Streams and multiprocessor usage?

I thought I had streams all figured out. You use the host to schedule tons of async operations, with dependencies managed by a cudaStream_t handle. In theory, this should maximize GPU usage; at least in terms of how many of the completely disjoint multiprocessors are being used.

But it wasn’t quite working like I expected. So I wrote this test program, which just does an async memcpy onto the device, launches a kernel, and then does an async memcpy back to the host. I have pools of streams and buffers and I just fire off as many ‘host_square’ functions as possible. I don’t even bother to synchronize the stream unless I’m going to run another host_square on it.

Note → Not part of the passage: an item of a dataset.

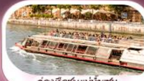
คลองเรือชมแม่น้ำแซน
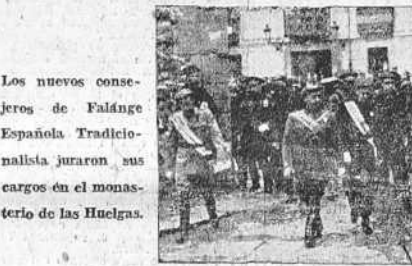
Los nuevos consejeros de Falange Española Tradicionalista juraron sus cargos en el monasterio de las Huelgas.

The number of preallocated streams and buffers is configurable by NUM_STREAMS. It seems like any value from 1-48 works fine; above 48 and it starts acting synchronously for some reason. I’d like to know why that is, but that’s not my biggest concern right now.

The problem is this: the time recorded for doTest with 48 streams is the same as the time recorded for doTest with only 1 stream. I don’t understand how this can be. My device supposedly has 16 disjoint multiprocessors; shouldn’t I be seeing a 16x speedup going from 1 stream to 16 streams? If not, how do I take advantage of all multiprocessors on the device?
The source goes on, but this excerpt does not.